Sid led tfilah with out Cantor, David Reinwald, on Shabbat morning. He called it "Davening Outside of the Box." The name turned me off a bit. I tend to want to get in the box, shut the lid, and not listen to what anybody has to say about the matter.

We set up the chapel in a semi-circular fashion, which I liked much more than our usual configuration of straight east-facing rows. I should note that by then end, it was basically standing room only. I have never seen our small chapel so full of people.

For Birkot Hashachar, Sid recited, in English, the end of each line. For example, in the case of the first one in Big Blue, Sid said “who implants mind and instinct within every living being.” Then someone would stand and give an example of a time or occurrence in their life which reminded them of the particular brachah. They would then offer the brachah and the process would start over with Sid reciting the ending of the next one in English. It was not my favorite thing ever, but I did open myself to the experience enough to share during one of the brachot. I should note that after this, none of the actual liturgy was in English.

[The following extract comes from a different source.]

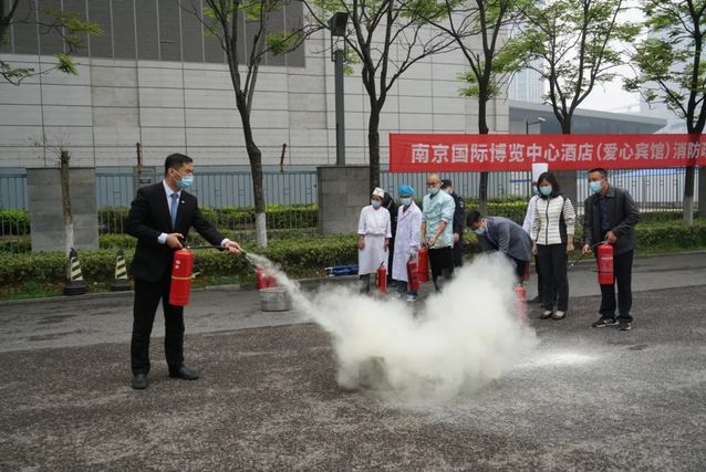 南京国际博览中心酒店全体员工集体参与了消防演练。此次演练分为安全疏散、医疗救护和灭火演练三个部分。
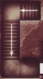 The stairs continue another ten feet after the corner. At the bottom, around another corner, a stone door hangs slightly ajar, the detailed carvings that once covered its surface defaced chisel marks and hammer blows to the extent that only a few remnants of images (mostly of gemstones and crowns) remain. The floor here is slanted toward the west.

The Amidah almost caused me to have a fit. My routine for the Amidah is that during the Haskivenu, which directly precedes the Amidah, I get out Ha'avodah Shebalev and move to the back. I then do the opening section (Avot V’imahot, Gvurot, and Kedusha) with congregation out loud, then I remain standing and do the Amidah as they sit and do something Amidah-like. Sid informed us we were doing something creative for the Amidah. I did not even stay for the rest of the explanation. I departed immediately and did the Amidah on my own in another room. When I came back the chapel was buzzing with conversation. As it turned out, people were discussing Jewish role models or something as a means for understanding Avot V'imahot. Then, when they were done, they were davening the Amidah on their own, must of them, apparently at Sid's urging, with their talit, or in many cases, other people's talitot, on their heads. Whatever.

Also in this service were skits. We broke into groups and created skits on different parts of Ashrei.

Skits. Really?

Kadish Yatom was done with only mourners standing. At least one person I talked to had a physical reaction to this, so turned off by the practice was she. In our congregation, everyone rises and everyone says Kadish with the mourners.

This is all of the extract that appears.